### A Pluto.jl notebook ###
# v0.11.12

using Markdown
using InteractiveUtils

# ╔═╡ ae3cbd80-ed34-11ea-28d2-e9efc3815959
begin
	using DataStructures
	using Gadfly
	using WordTokenizers
	using StatsBase
	using Test
	
	Gadfly.push_theme(Theme(bar_spacing=1mm))
	Gadfly.set_default_plot_size(7inch, 4inch)
end

# ╔═╡ d4015470-d60c-11ea-3a2c-09e7cff8af7c
md"""
# Language Modeling

All of you have seen a language model at work. And by knowing a language, you have already developed you own language model.

You have probably seen a LM at work in predictuve text:
- a search engine predicts what you will type next
- your phone predicts the next work for you
- Gmail can auto-complete your entire sentence

Language models also help filter the output of systems for tasks like

- speech recognition

    You speak a phrase into your phone, which has to convert it into text. How does it know if you said "recognize speech" or "wreck a nice beach"? (say them really fast, they sound quite similar)

- machine translation

    You are translating the Chinese sentence "我在开车“ into English. Your translation system gives you several choices:

    - I at open car
    - me at open car
    - I at drive
    - me at drive
    - I am driving
    - me am driving

    A language model can tell you which translation sounds the most natural.
"""

# ╔═╡ 9a1fd080-ed34-11ea-2605-3da00683a939
md"""
We're going to be implementing a simple n-gram language model. First, let's load some packages and setup some stuff.
"""

# ╔═╡ d63dfb50-ed34-11ea-3ec7-39e83423e26f
md"""
We're going to be using *Pride and Prejudice* as our text. Download it from [this link](http://www.gutenberg.org/files/1342/1342-0.txt) and save it as `p&p.txt` in the same folder as this notebook. Then we can load it as follows:
"""

# ╔═╡ f337bca0-ed34-11ea-1aca-f5ee00b34c4b
function load_text(path)
	text = read(path, String)
	# remove some whitespace characters
	text = replace(text, "\ufeff" => "")
	text = replace(text, "\n" => " ")
	text = replace(text, "\r" => " ")
	return text
end

# ╔═╡ ff1749a0-ed34-11ea-21b9-cfdb9759c91b
text = load_text("sherlock.txt");  # TODO

# ╔═╡ 3eebdad0-ed37-11ea-1910-67d2006fb5ee
md"""
## Data Analysis

In this section, we're going to be looking at our data. It's always good to see what you're working with.
"""

# ╔═╡ 43857210-ed35-11ea-2bd4-35948fdea98c
md"""
Let's first take at look at the *tokens*. We will use the `WordTokenizers.tokenize()` function to split the text into tokens.
"""

# ╔═╡ 4b9691f0-ed35-11ea-3d57-a9eeb68e6ac5
tokens = tokenize(text)

# ╔═╡ a8a6ebf0-ed36-11ea-163a-e3701653ce97
md"**Question**: So what exactly are tokens?"

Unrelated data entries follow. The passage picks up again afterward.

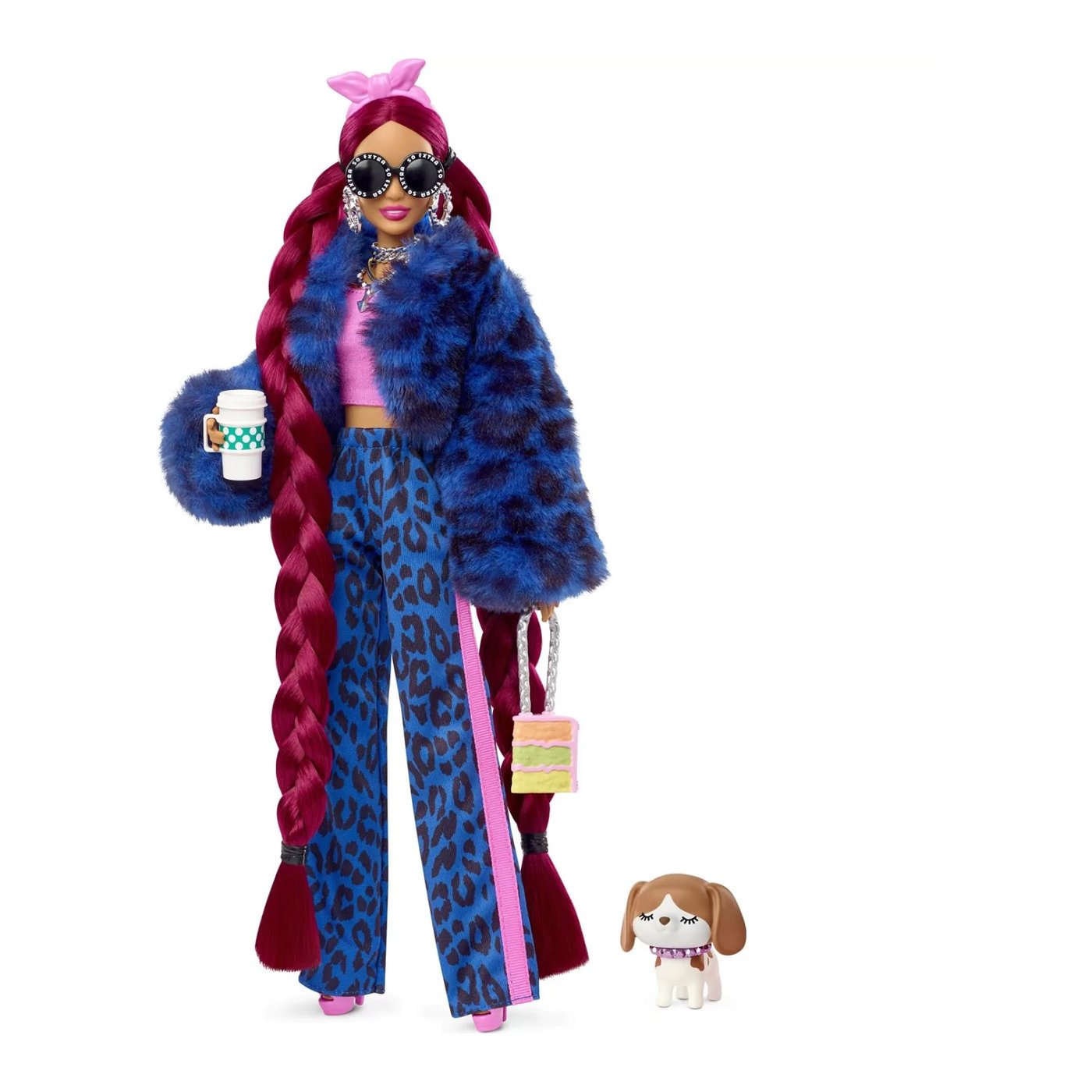 Posebnost Barbie Extra-Blue Leopard leži u njezinoj prepoznatljivoj krznenoj jakni s leopard printom koja savršeno pristaje uz matching trenerku i roze patike. Ovaj jedinstveni stil nije samo moderan; on je izjavan. Uz 15 modnih komada, uključujući torbicu u obliku parčeta torte i velike crne sunčane naočale, svaka modna avantura je moguća. Njen preslatki ljubimac dodaje dodatni sloj zabave i karaktera, čineći Barbie Extra savršenim suputnikom u svijetu mode.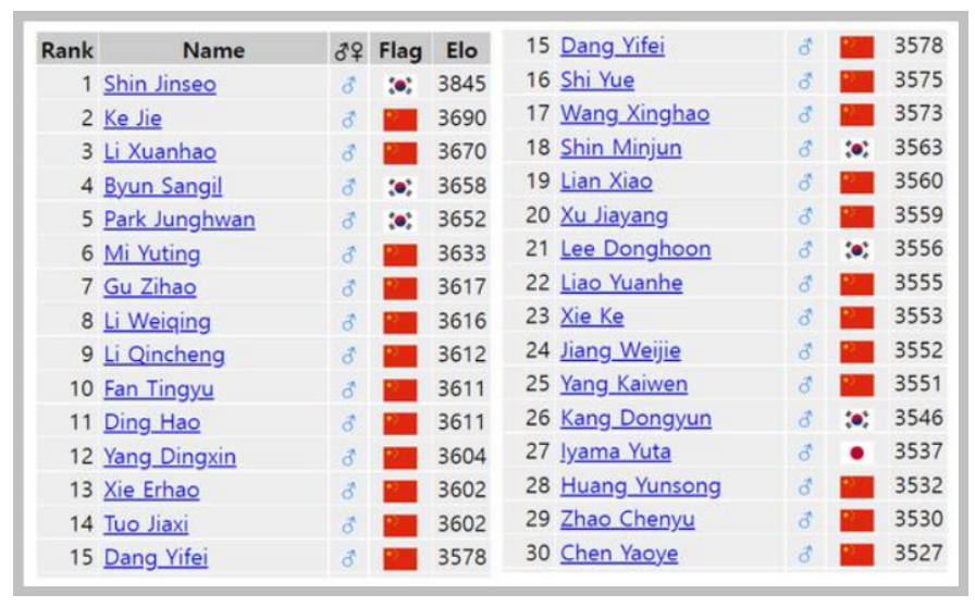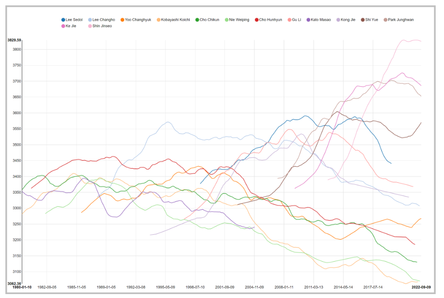 위 링크를 통해 고레이팅 사이트로 바로 이동할 수 있습니다. 세계 5위 안에는 한국인이 더 많지만 세계 20위 정도까지 보면 중국인이 압도적으로 많은 것을 확인할 수 있습니다. 어떤식으로 점수를 매기는 지는 명확하게 나와있지 않지만 과거 기력과 승패 횟수등을 종합적으로 고려한 WHR 알고리즘을 활용한다고 합니다.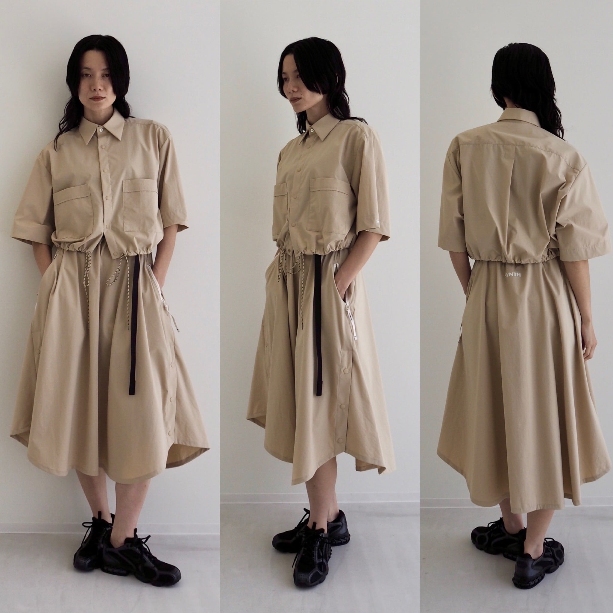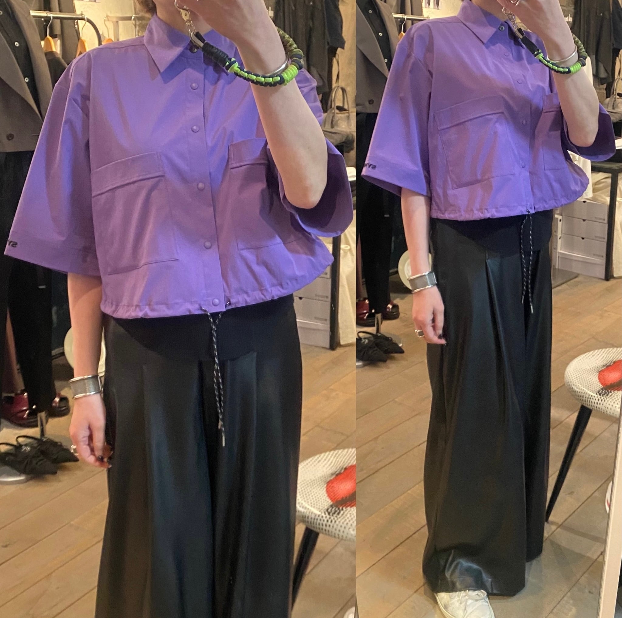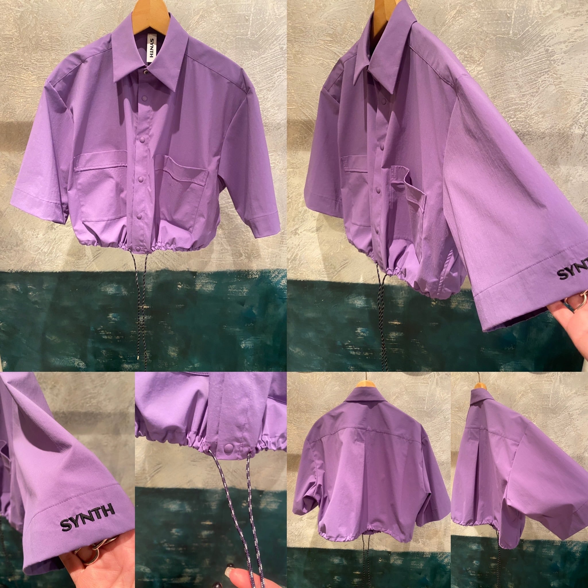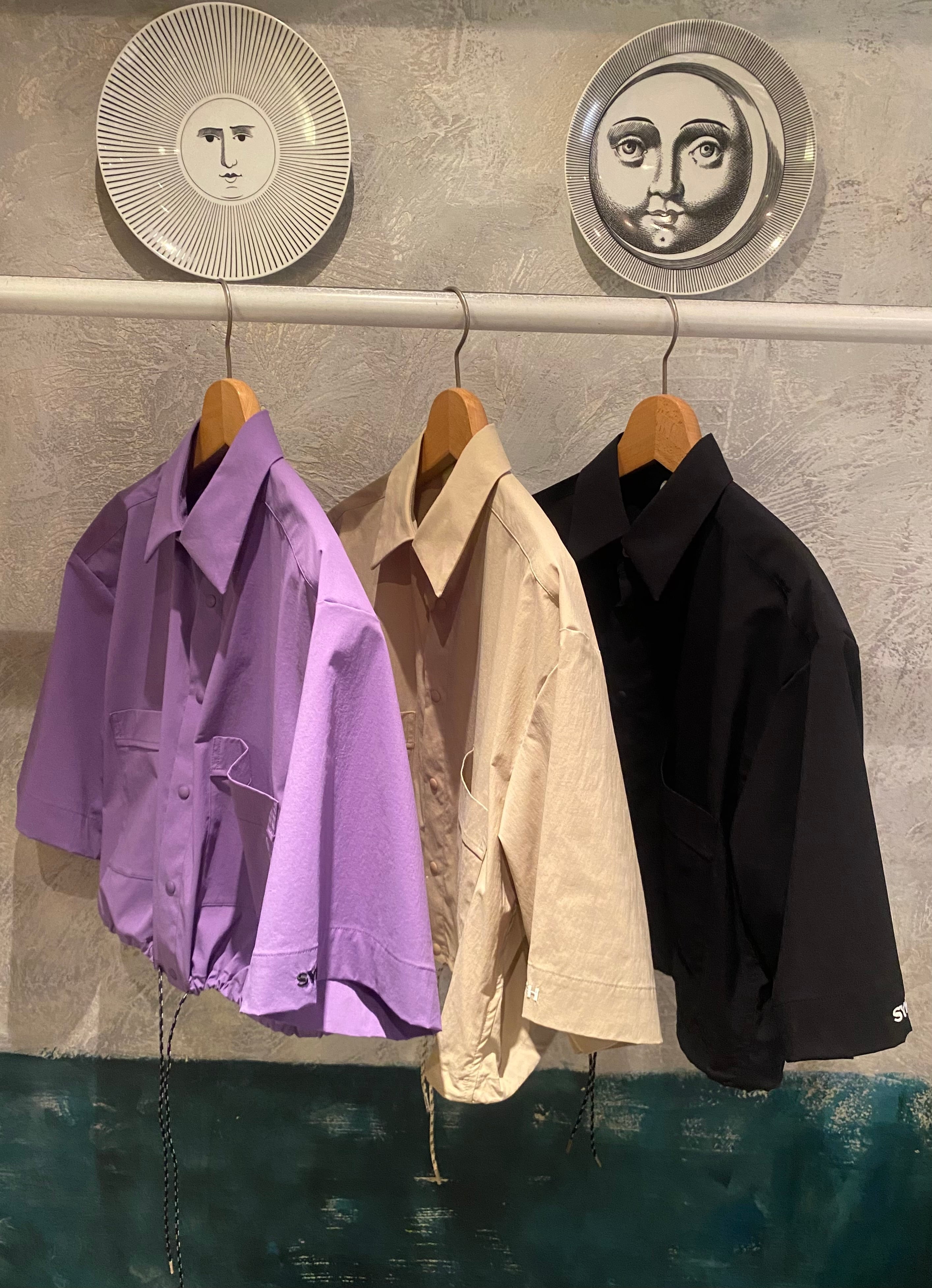 軽やかでしなやかなナチュラルタッチナイロンを使用したクロップドシャツ。ゆとりのあるボクシーなシルエットに、裾にはミックスカラーのドローコードをあしらい、スタイリングに遊び心とアクセントをプラスしています。マットな表示とコットンタッチのドライな風合いが、アクティブな日常に自然と馴染む1枚です。ヨコ方向に伸びる快適なストレッチ性により動きやすく、撥水性やシワになりにくい特性もあり、オン/オフ問わず活躍するアイテムです♪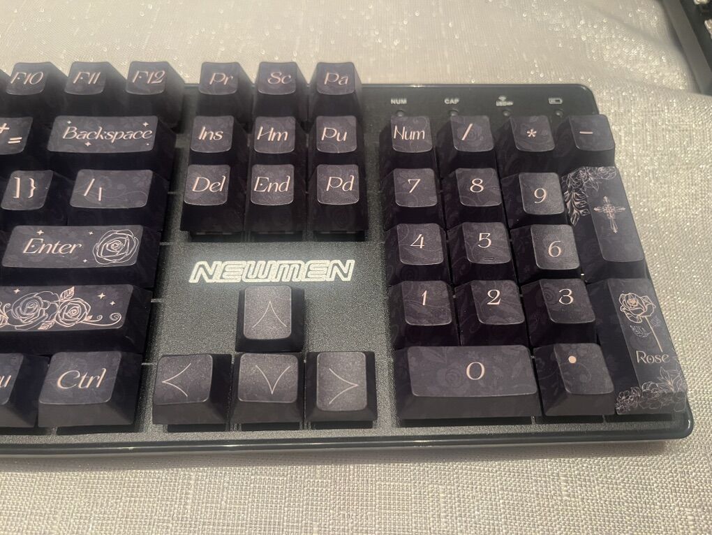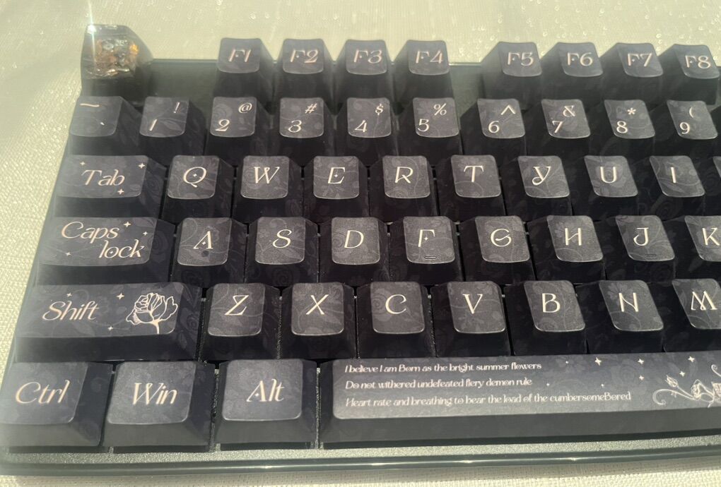 ApplePayThis keyboard is an elegant faux dark blue keyboard filled in with inspiring quotes and reminds that Jesus is with YOU. This keyboard has wired and 2.4 GHz connection to your device making it nice and easy. I will make the click to the keyboard triggers sound however you like it, for example, clicky, zero resistance thumpy, mute, soft, thocky, or easy press with feedback from the trigger that lets you know that you have pushed the button. I also feel a big magical theme to this custom made keyboard. $154 OBO this keyboard is laced with love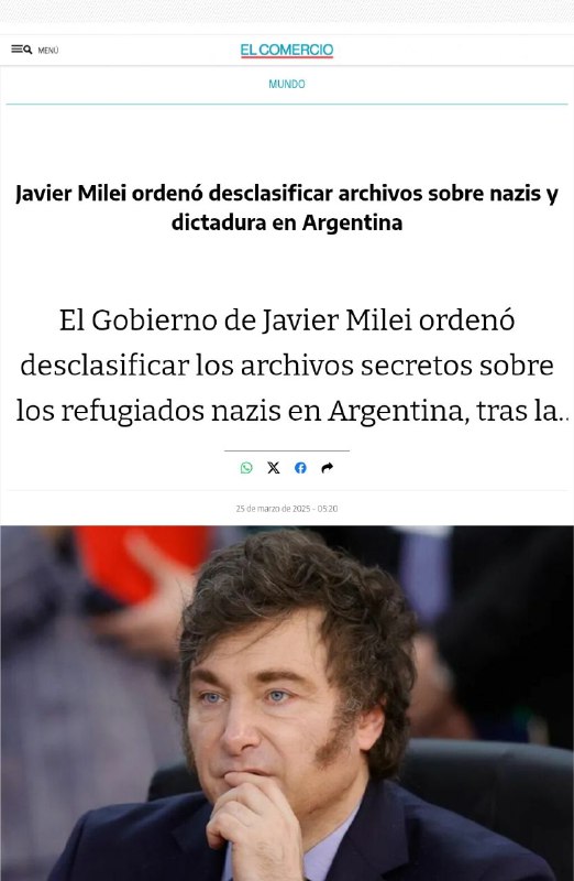 "Argentínsky prezident Javier Miley nariadil odtajnenie všetkých dokumentov týkajúcich sa nacistov, ktorí utiekli do juhoamerickej krajiny po druhej svetovej vojne."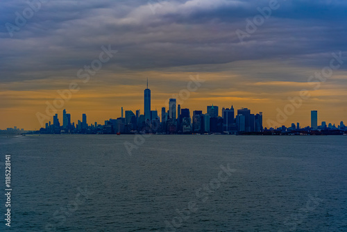 Paisaje con vistas al río Hutson, New York city, atardecer, nubes

# ╔═╡ 9fd92840-ed35-11ea-24fc-71a1319b75d4
md"""
**Question**: Why don't we just split on spaces?
"""

# ╔═╡ ae6d9c10-ed35-11ea-2488-6387dd9542da
split_on_spaces = split(text, r"\s+")

# ╔═╡ ed1271c0-ed35-11ea-192d-d9971d77b7c5
md"""
Let's examine our data a bit.
"""

# ╔═╡ 5818ab10-ed36-11ea-3cea-219e51e2b13a
md"**Question**: How many tokens do we have?"

# ╔═╡ 6af96400-ed35-11ea-3f79-fda8fde36254
length(tokens)

# ╔═╡ 85037f70-ed35-11ea-007e-ad65fa9d6bc6
vocabulary = unique(tokens)

# ╔═╡ 701586d0-ed35-11ea-3a54-392347e3c913
length(vocabulary)

# ╔═╡ 9cccd2a0-ed35-11ea-2260-276ae7c091cd
md"""
This is the *type-token distinction*. There are $(length(vocabulary)) types and $(length(tokens)) tokens.
"""

# ╔═╡ 6e814052-ed37-11ea-31e8-597447705835
md"""
**Question**: What are the most common tokens?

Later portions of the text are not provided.